== INFORMATION SHOWN ==
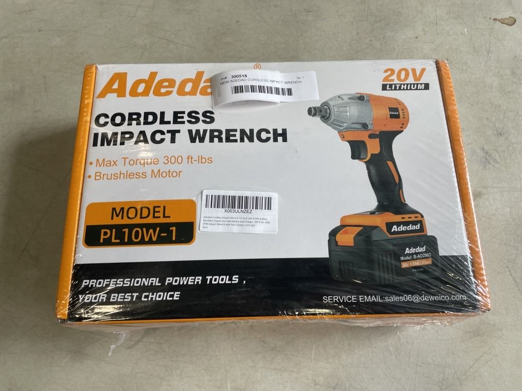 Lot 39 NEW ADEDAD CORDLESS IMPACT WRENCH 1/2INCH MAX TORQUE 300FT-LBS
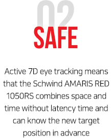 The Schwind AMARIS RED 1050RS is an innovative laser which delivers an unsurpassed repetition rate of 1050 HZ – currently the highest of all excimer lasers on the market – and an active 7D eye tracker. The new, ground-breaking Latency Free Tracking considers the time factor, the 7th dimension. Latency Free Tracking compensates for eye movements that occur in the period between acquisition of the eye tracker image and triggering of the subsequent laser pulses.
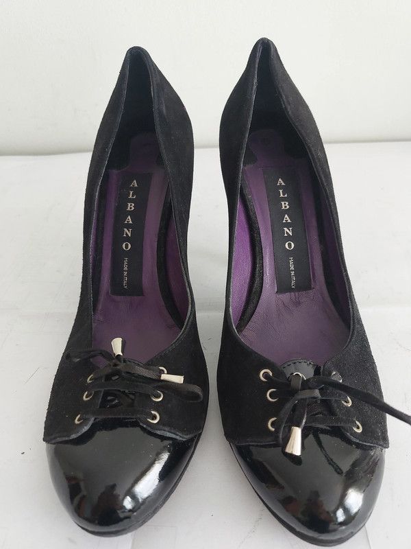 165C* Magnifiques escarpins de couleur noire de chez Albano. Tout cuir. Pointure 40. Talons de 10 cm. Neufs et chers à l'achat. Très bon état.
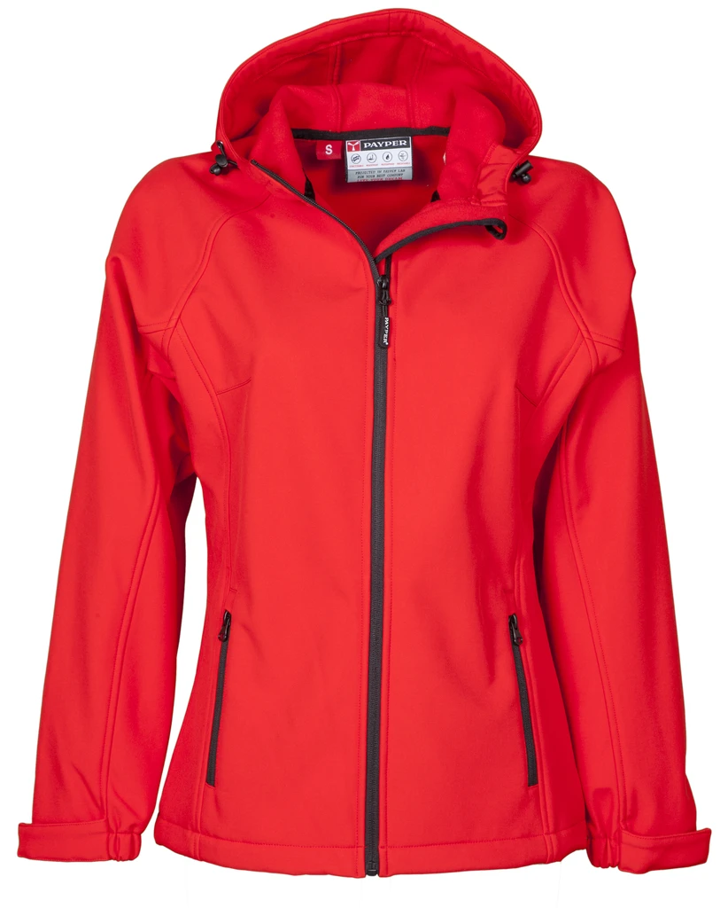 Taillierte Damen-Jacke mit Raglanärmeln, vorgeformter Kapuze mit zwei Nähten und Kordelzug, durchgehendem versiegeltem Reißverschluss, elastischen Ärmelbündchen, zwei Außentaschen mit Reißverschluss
===
● **TASK DIRECTIONS**:
All of the material above must be retyped exactly, line for line, with the images dropped.

● **SOLVED EXERCISE**:
 Lot 39 NEW ADEDAD CORDLESS IMPACT WRENCH 1/2INCH MAX TORQUE 300FT-LBS
 The Schwind AMARIS RED 1050RS is an innovative laser which delivers an unsurpassed repetition rate of 1050 HZ – currently the highest of all excimer lasers on the market – and an active 7D eye tracker. The new, ground-breaking Latency Free Tracking considers the time factor, the 7th dimension. Latency Free Tracking compensates for eye movements that occur in the period between acquisition of the eye tracker image and triggering of the subsequent laser pulses.
 165C* Magnifiques escarpins de couleur noire de chez Albano. Tout cuir. Pointure 40. Talons de 10 cm. Neufs et chers à l'achat. Très bon état.
 Taillierte Damen-Jacke mit Raglanärmeln, vorgeformter Kapuze mit zwei Nähten und Kordelzug, durchgehendem versiegeltem Reißverschluss, elastischen Ärmelbündchen, zwei Außentaschen mit Reißverschluss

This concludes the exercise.